[DATASET RECORDS]:
════

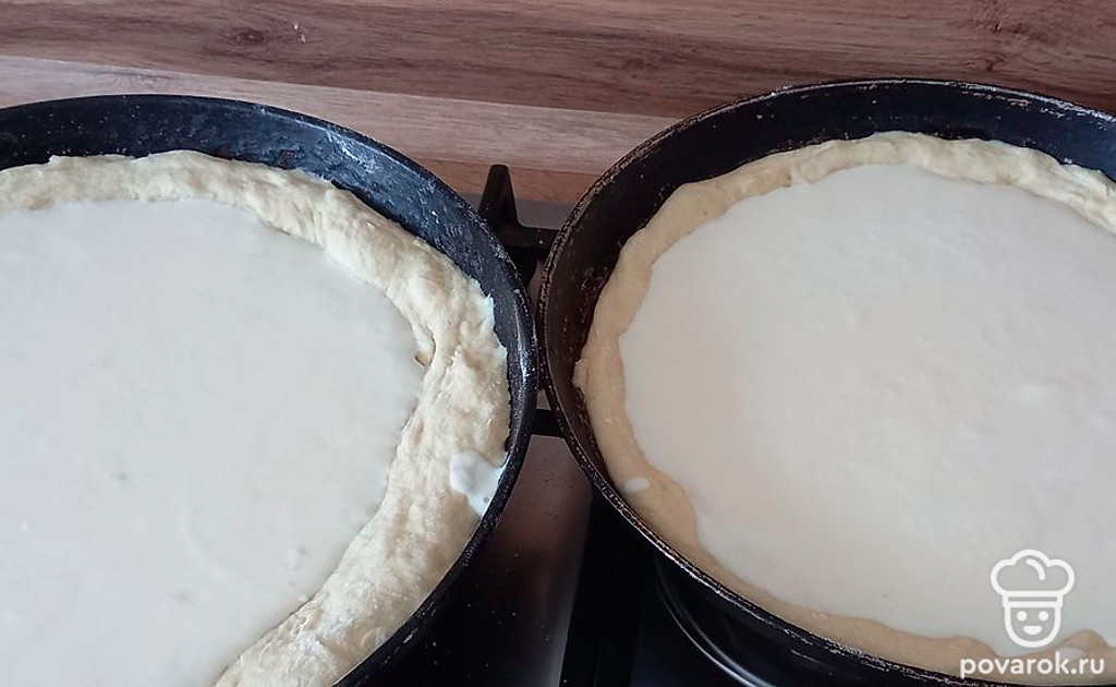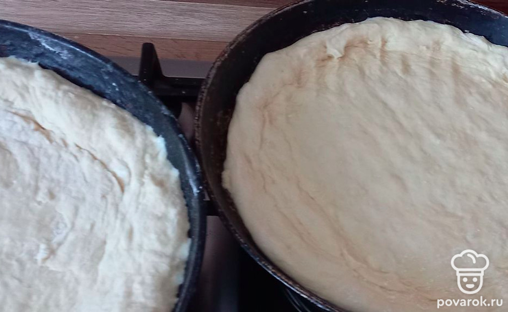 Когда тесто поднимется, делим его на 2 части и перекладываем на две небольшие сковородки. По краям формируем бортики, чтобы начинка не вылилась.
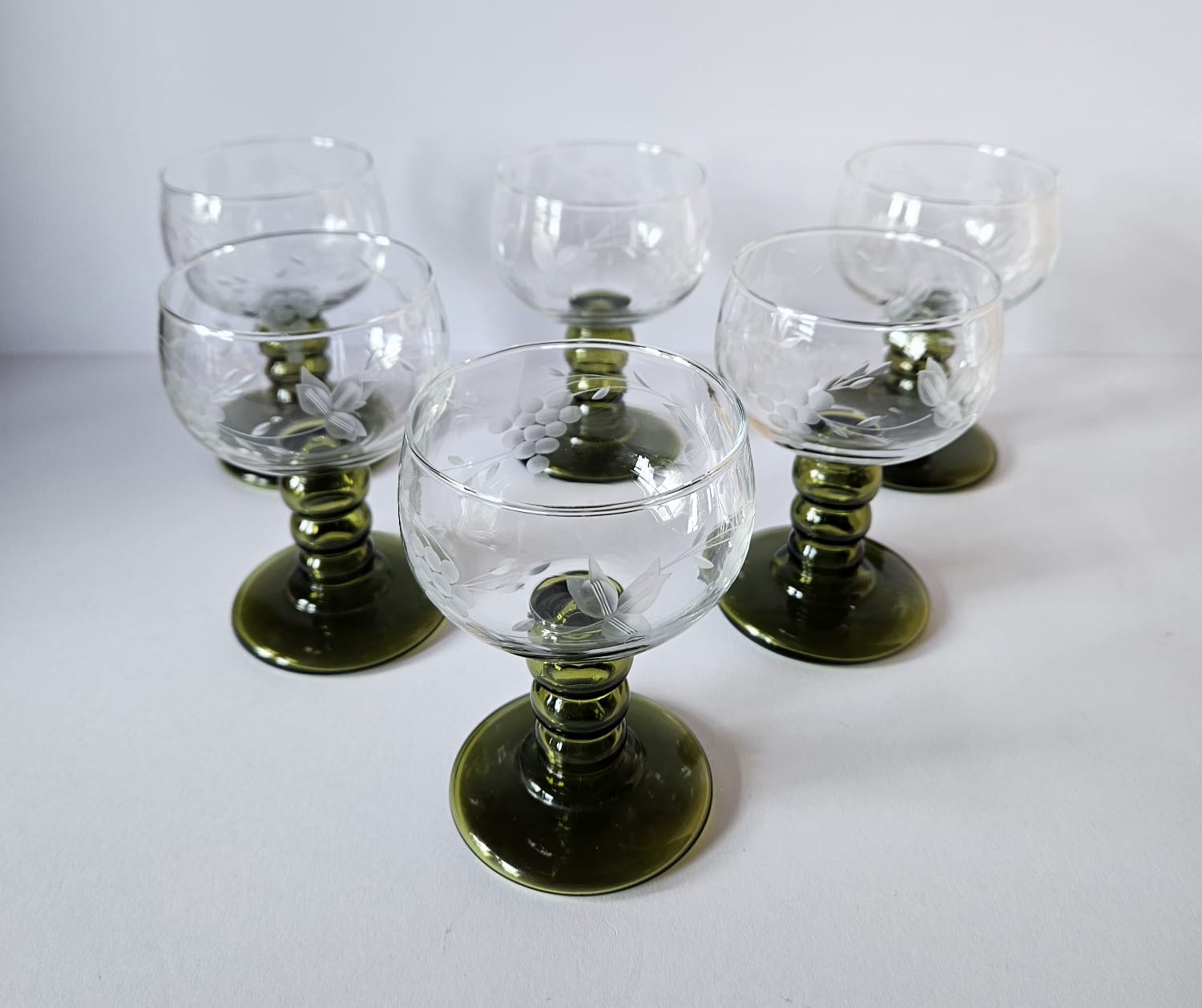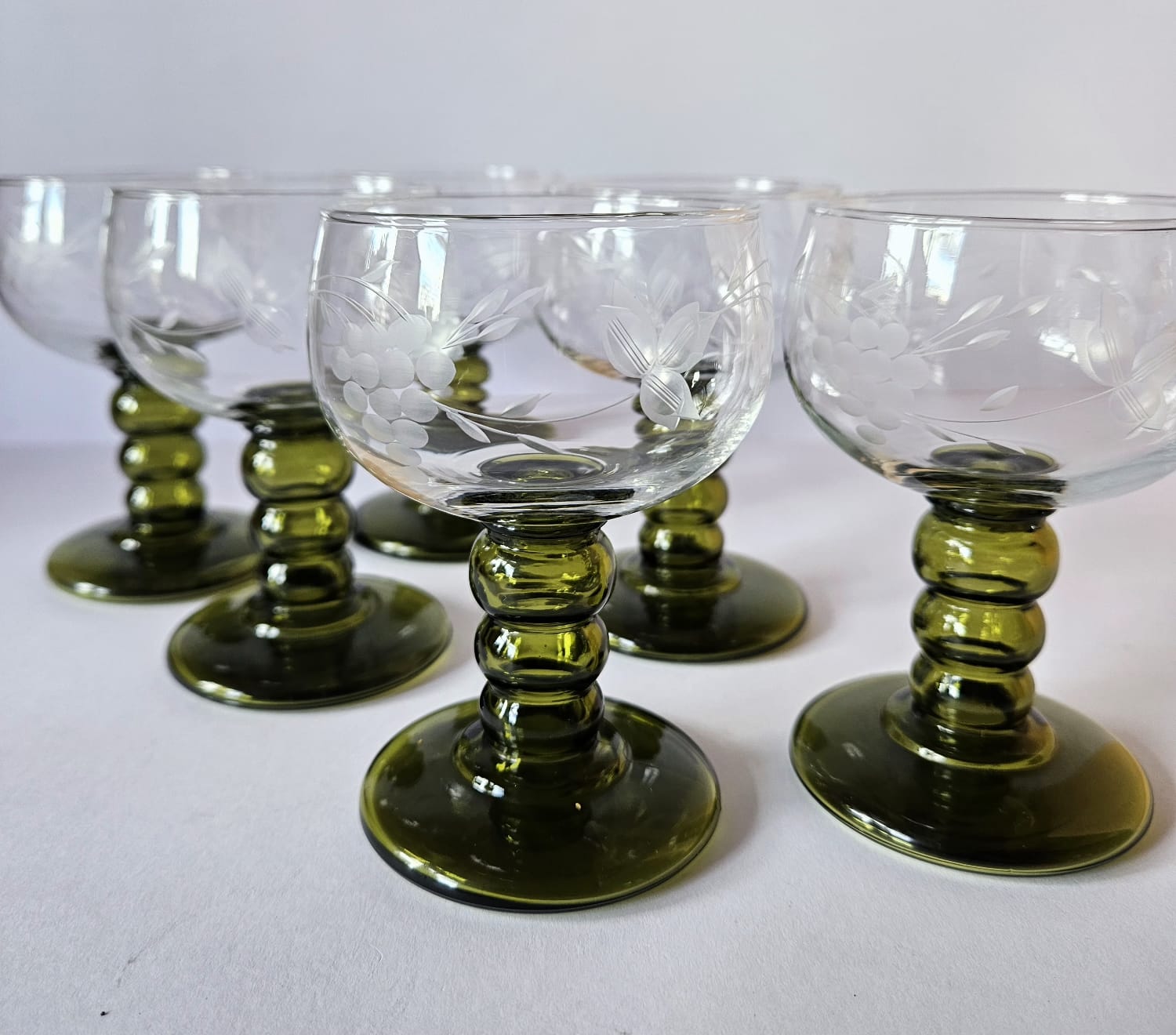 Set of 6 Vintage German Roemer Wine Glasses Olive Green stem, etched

════

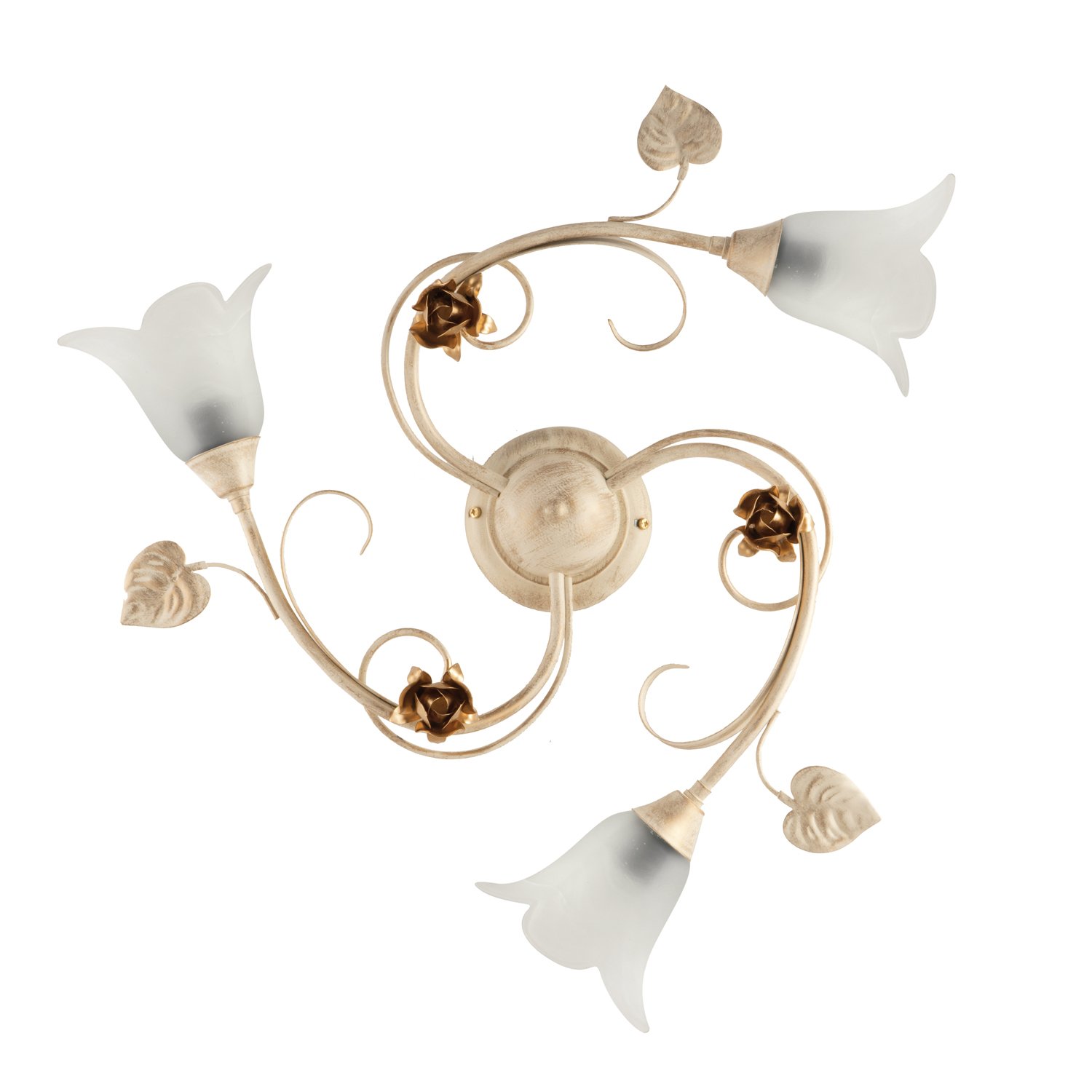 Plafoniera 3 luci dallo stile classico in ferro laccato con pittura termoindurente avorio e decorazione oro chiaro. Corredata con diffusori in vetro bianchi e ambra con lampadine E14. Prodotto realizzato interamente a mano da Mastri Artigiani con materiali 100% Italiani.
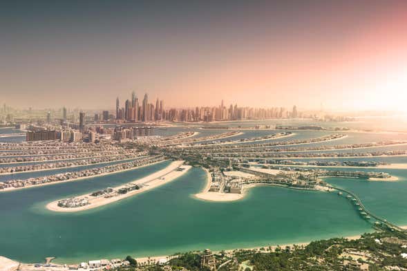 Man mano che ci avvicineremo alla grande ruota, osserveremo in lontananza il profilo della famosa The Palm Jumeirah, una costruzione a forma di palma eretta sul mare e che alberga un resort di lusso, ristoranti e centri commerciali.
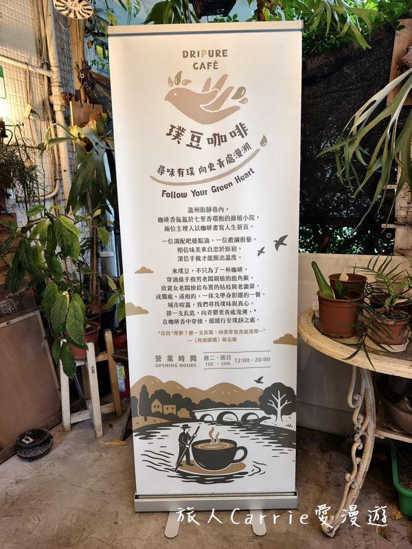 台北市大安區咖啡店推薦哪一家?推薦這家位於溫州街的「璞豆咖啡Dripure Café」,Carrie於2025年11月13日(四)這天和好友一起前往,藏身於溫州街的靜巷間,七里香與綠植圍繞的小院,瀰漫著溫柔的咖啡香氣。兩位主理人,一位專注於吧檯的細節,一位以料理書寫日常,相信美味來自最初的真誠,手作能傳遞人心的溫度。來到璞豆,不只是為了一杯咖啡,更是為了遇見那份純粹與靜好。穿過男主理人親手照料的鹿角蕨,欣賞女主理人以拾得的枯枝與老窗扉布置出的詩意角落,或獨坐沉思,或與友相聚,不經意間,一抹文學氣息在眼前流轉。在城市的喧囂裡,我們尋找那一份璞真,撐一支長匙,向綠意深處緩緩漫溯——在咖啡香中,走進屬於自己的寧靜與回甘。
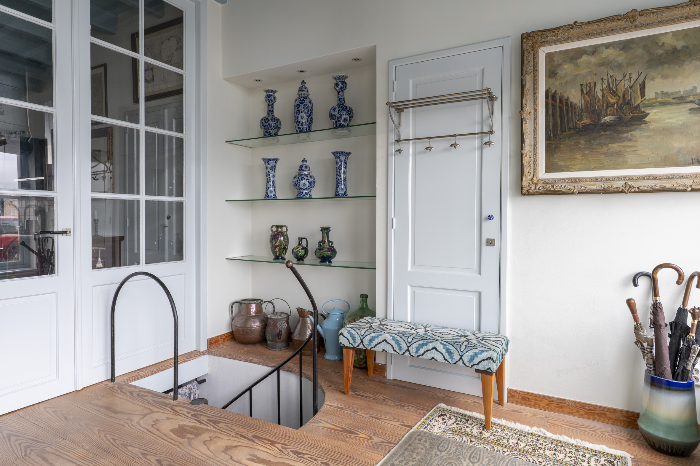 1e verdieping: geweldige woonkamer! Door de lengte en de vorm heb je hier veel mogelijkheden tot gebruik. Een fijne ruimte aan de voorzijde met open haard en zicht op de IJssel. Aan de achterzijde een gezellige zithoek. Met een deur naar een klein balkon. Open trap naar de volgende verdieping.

════

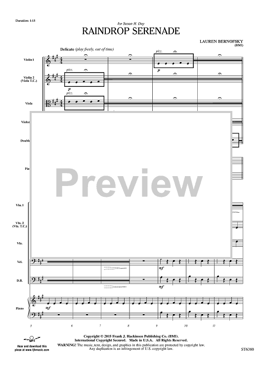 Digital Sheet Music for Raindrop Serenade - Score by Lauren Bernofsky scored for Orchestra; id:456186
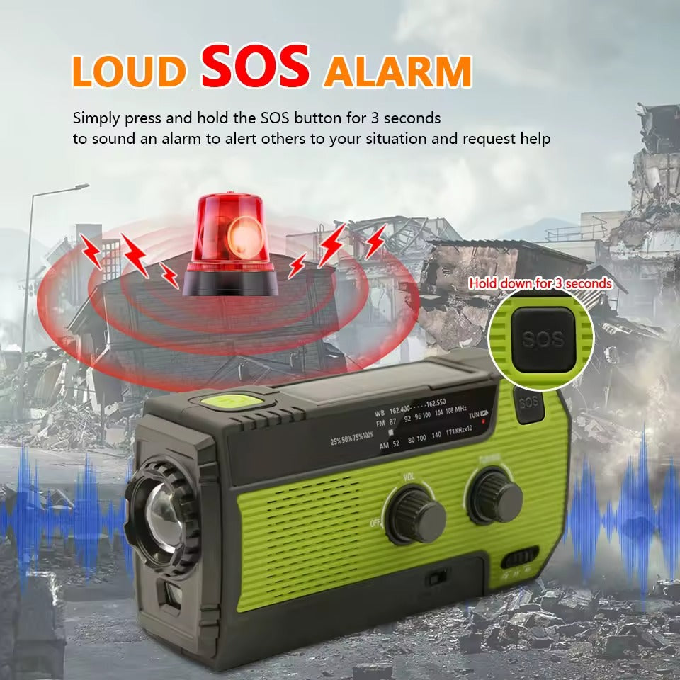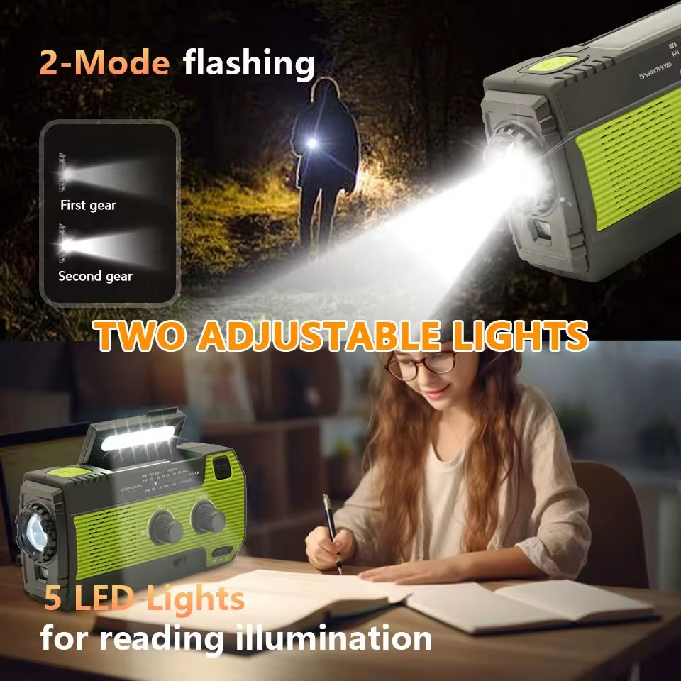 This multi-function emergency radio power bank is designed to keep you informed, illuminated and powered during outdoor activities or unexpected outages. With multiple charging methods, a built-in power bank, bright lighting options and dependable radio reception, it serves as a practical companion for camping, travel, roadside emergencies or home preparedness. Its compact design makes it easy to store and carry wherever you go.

════

[ACTION ITEM]:
From the entries above, copy exactly the lines starting at the one with "Plafoniera 3 luci" and stopping at the one with "1e verdieping: geweldige", keeping both ends. Drop the pictures.

[PROBLEM SOLUTION]:
 Plafoniera 3 luci dallo stile classico in ferro laccato con pittura termoindurente avorio e decorazione oro chiaro. Corredata con diffusori in vetro bianchi e ambra con lampadine E14. Prodotto realizzato interamente a mano da Mastri Artigiani con materiali 100% Italiani.
 Man mano che ci avvicineremo alla grande ruota, osserveremo in lontananza il profilo della famosa The Palm Jumeirah, una costruzione a forma di palma eretta sul mare e che alberga un resort di lusso, ristoranti e centri commerciali.
 台北市大安區咖啡店推薦哪一家?推薦這家位於溫州街的「璞豆咖啡Dripure Café」,Carrie於2025年11月13日(四)這天和好友一起前往,藏身於溫州街的靜巷間,七里香與綠植圍繞的小院,瀰漫著溫柔的咖啡香氣。兩位主理人,一位專注於吧檯的細節,一位以料理書寫日常,相信美味來自最初的真誠,手作能傳遞人心的溫度。來到璞豆,不只是為了一杯咖啡,更是為了遇見那份純粹與靜好。穿過男主理人親手照料的鹿角蕨,欣賞女主理人以拾得的枯枝與老窗扉布置出的詩意角落,或獨坐沉思,或與友相聚,不經意間,一抹文學氣息在眼前流轉。在城市的喧囂裡,我們尋找那一份璞真,撐一支長匙,向綠意深處緩緩漫溯——在咖啡香中,走進屬於自己的寧靜與回甘。
 1e verdieping: geweldige woonkamer! Door de lengte en de vorm heb je hier veel mogelijkheden tot gebruik. Een fijne ruimte aan de voorzijde met open haard en zicht op de IJssel. Aan de achterzijde een gezellige zithoek. Met een deur naar een klein balkon. Open trap naar de volgende verdieping.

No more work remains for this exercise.